203 S.W.2d 518, 240 Mo. App. 269, 1947 Mo. App. LEXIS 382
CourtMissouri Court of Appeals
DecidedJune 16, 1947
StatusPublished
Cited by7 cases

This text of 203 S.W.2d 518 (Locasio v. Ford Motor Co.) is published on Counsel Stack Legal Research, covering Missouri Court of Appeals primary law. Counsel Stack provides free access to over 12 million legal documents including statutes, case law, regulations, and constitutions.

Bluebook
Locasio v. Ford Motor Co., 203 S.W.2d 518, 240 Mo. App. 269, 1947 Mo. App. LEXIS 382 (Mo. Ct. App. 1947).

Opinions

This is an appeal by Charles V. Locasio, Jr., plaintiff below, from an order sustaining a motion of defendant, Ford Motor Company, a corporation, to dismiss plaintiff's amended petition, and dismissing his cause.

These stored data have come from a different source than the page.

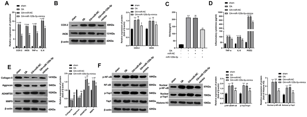 Figure 6. Overexpressing miR-125b-5p alleviated the inflammatory response in OA rats. The OA rat model was constructed by destabilization of the medial meniscus (DMM). The knee tissues of OA rats were transfected with miR-NC as the control and further transfected with miR-125b-5p mimics. (A) qRT-PCR was utilized to compare the expression of COX-2, iNOS, TNF-α, and IL-6 in the knee tissues. (B) WB was employed to check the expression of COX-2 and iNOS in the knee tissues. (C) The Griess reaction method was employed to determine the NO content in each group in the knee tissues. (D) The concentration of TNF-α, IL-6 and PGE2 was calculated by ELISA in the knee tissues. (E, F) The protein expression of Collagen II, Aggrecan, ADAMTS5, MMP9, and YAP1/NF-κB in the knee tissues was compared by WB. ***P<0.001, NS P>0.05 (vs. OA group), ##P<0.01, ###P<0.001 vs. OA+miR-NC group, N=5.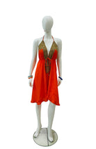 Designer cut hi lo dress with mid string for a perfect fit. Made in beautiful viscose crepe fabric adding to it the required texture and flow. The neck is embellished with hand done bead work and crystals. Available in other rich solid colors. Great wear for resort, holiday and special occasions.
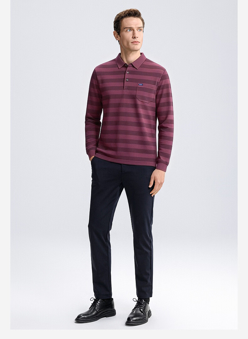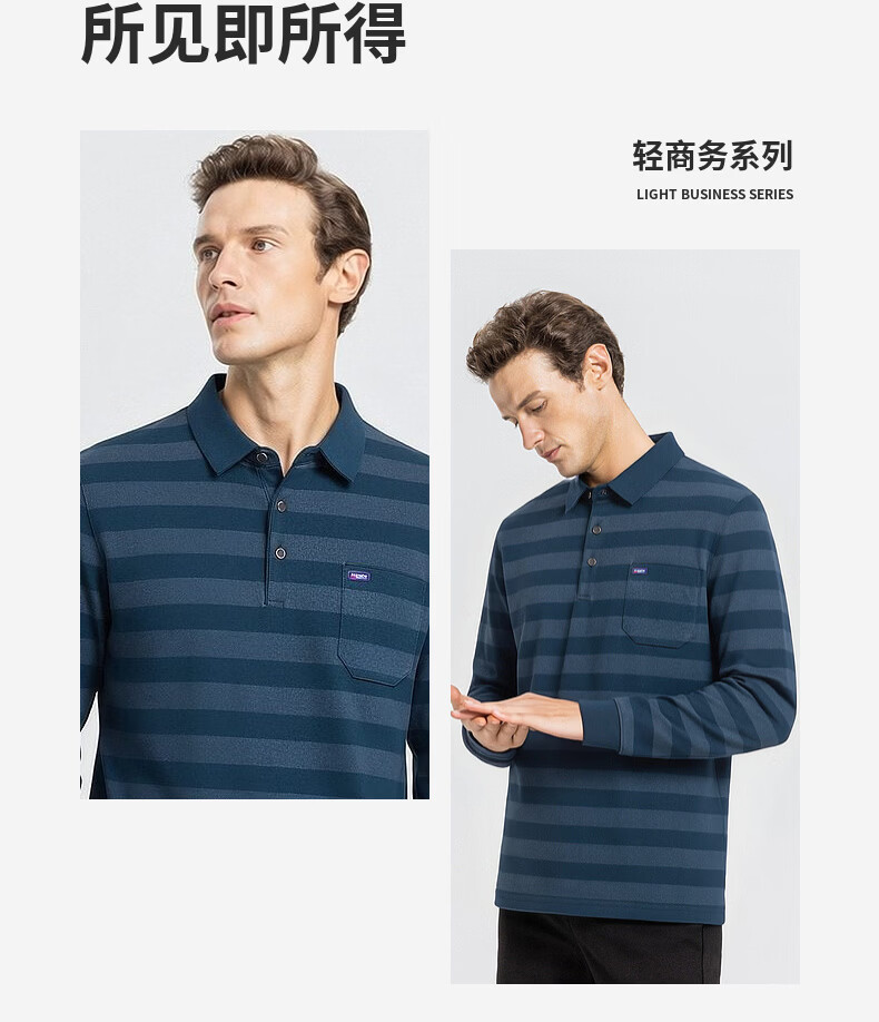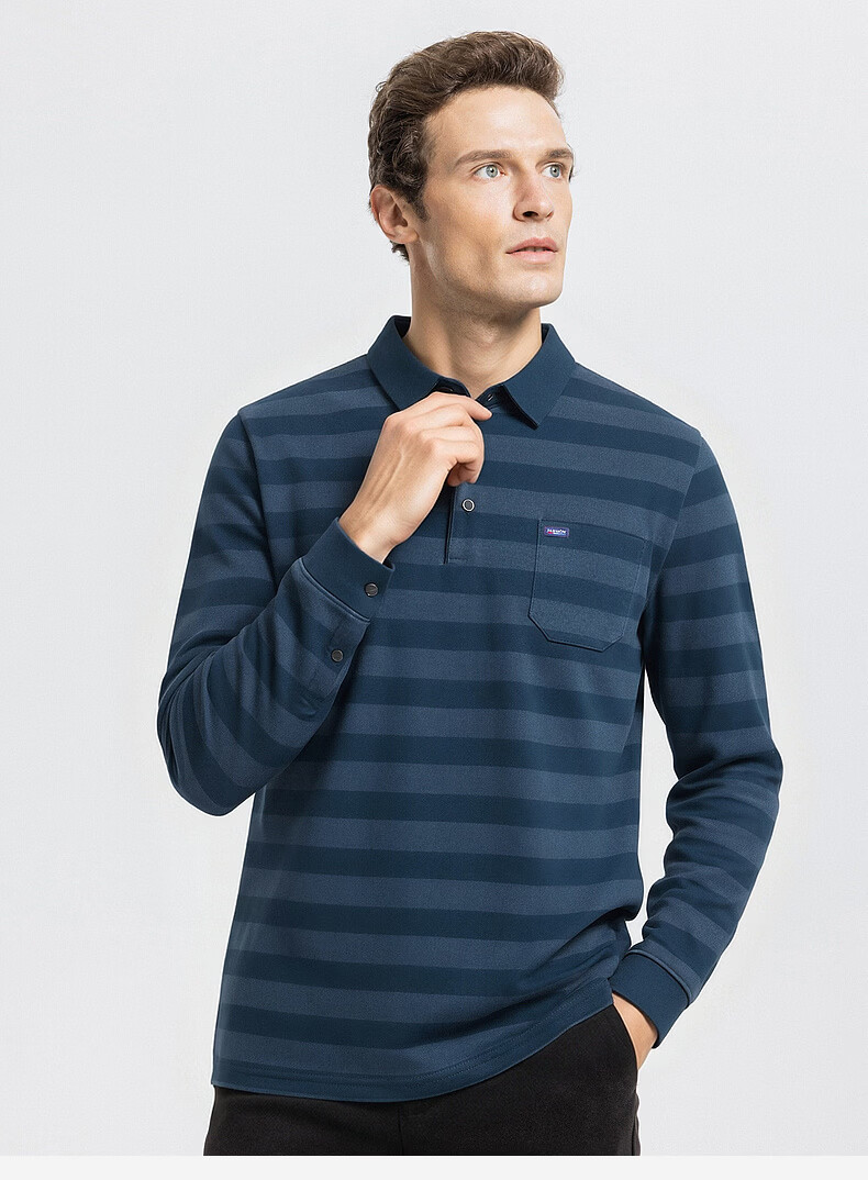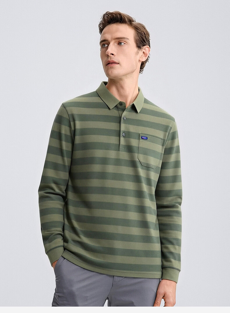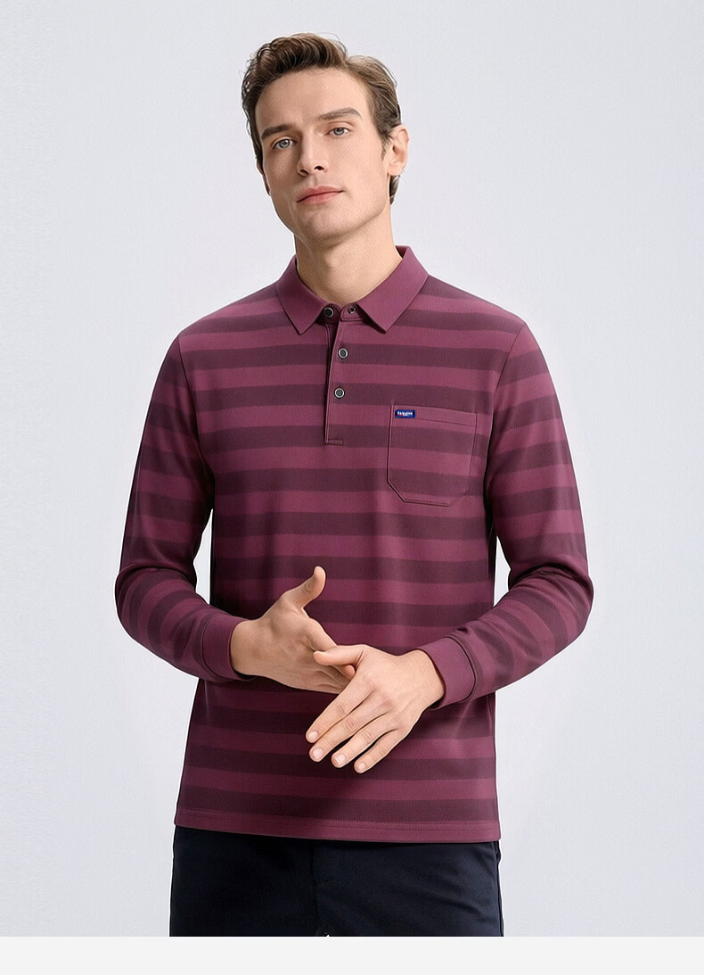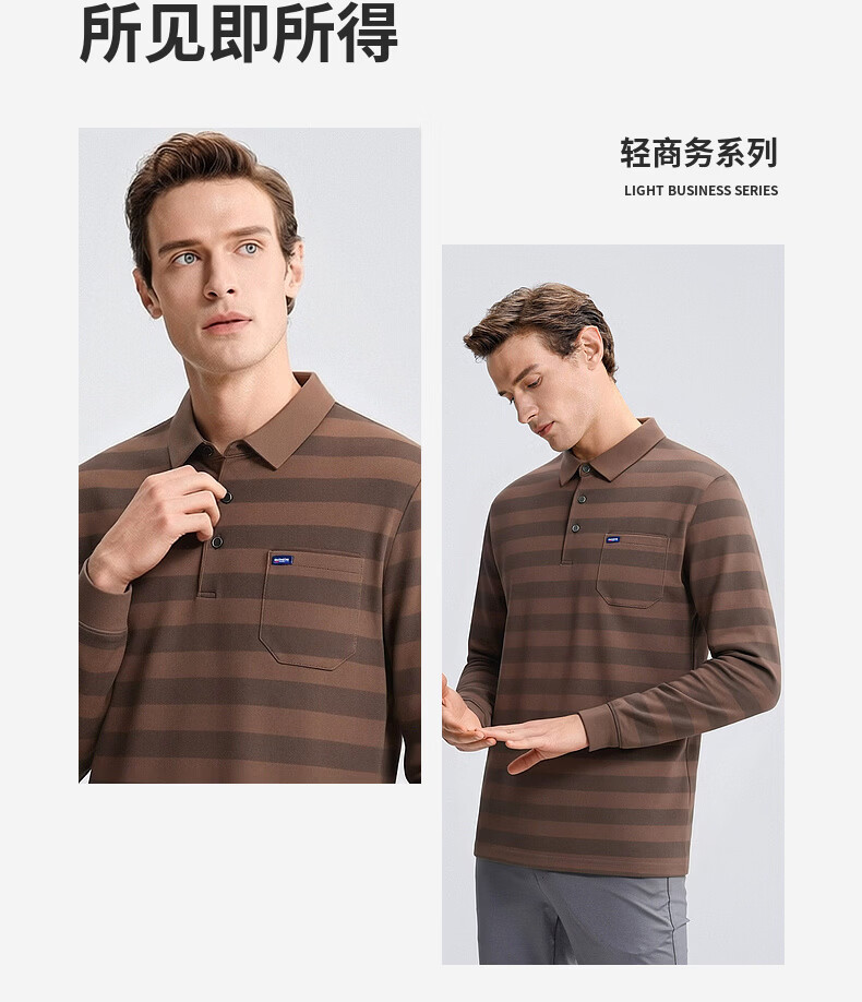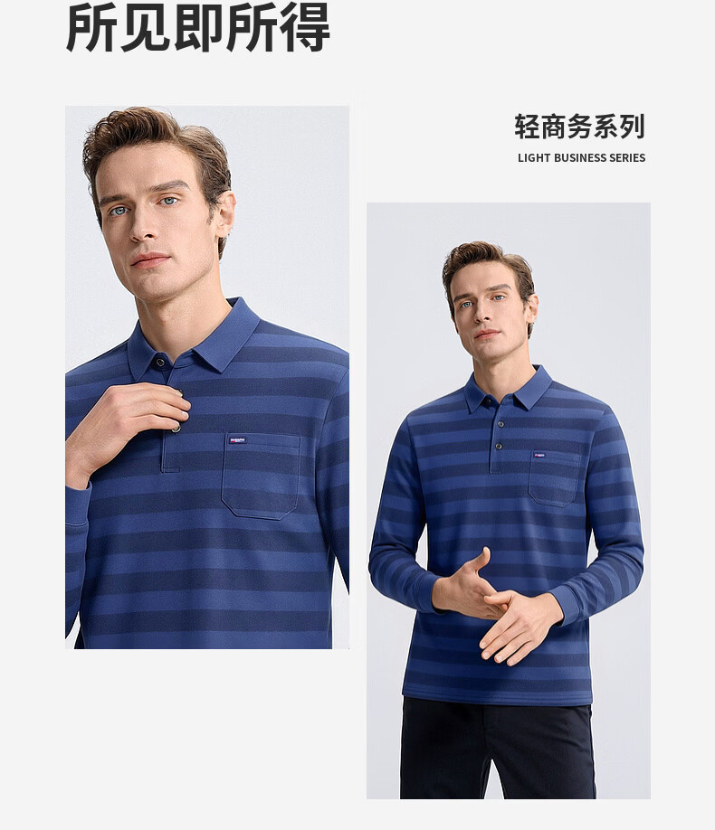 SHANSHAN杉杉【锦氨弹力撞色粗条纹】长袖t恤男翻领POLO衫打底通勤春秋 灰色 M /170

In his original petition plaintiff alleged that he was employed by defendant, on or about November 30, 1937, and that he remained continuously in such employment, except as stated in the petition; that on or about June 20, 1941, defendant and the U.A.W. — C.I.O., a labor union organization, entered into and executed a written collective bargaining agreement for the benefit of defendant's employees, including plaintiff, covering their hours, wages and working conditions; that plaintiff accepted the benefits of said agreement; and that said agreement contained, among other provisions, the following:

"`(45) When there is any decrease in force, the following procedure shall be followed:

"(a) Employees having no seniority shall be laid off.

*Page 272

"(b) Should there be a further decrease in force, all employees hired after June 20, 1941, shall then be laid off by seniority.

"(c) Should there be a further decrease in force, the hours of work shall be reduced to 32 hours per week in the seniority unit affected. In the event it is found impractical to institute a 32-hour week due to retooling of a plant or because of diversifications of work or for similar reasons, deviations from this section may be made by mutual agreement between the Union and the Company.

"(d) Should there be a further decrease in force, employees will be laid off according to seniority in order to maintain the thirty-two hour week.

"(e) The order of layoff and rehiring shall be governed by, first, seniority of employment, and second, ability. The Company shall consult with the Union before deviating from strict seniority except where prior consultation is rendered impracticable because of a sudden interruption or resumption of work. Should there be any dispute involving the application of this clause, it shall be subject to joint determination through the grievance procedure.

"(46) For the purpose of rehiring, the procedure as stated in the above paragraphs shall be followed in reverse order.'"

Plaintiff further alleged that, on or about August 16, 1941, defendant reduced its working force and, in violation of the terms of said agreement, laid plaintiff off of work and retained in active employment persons of lesser seniority, and failed to re-hire plaintiff until on or about September 1, 1943, to his damage in the amount of $3000.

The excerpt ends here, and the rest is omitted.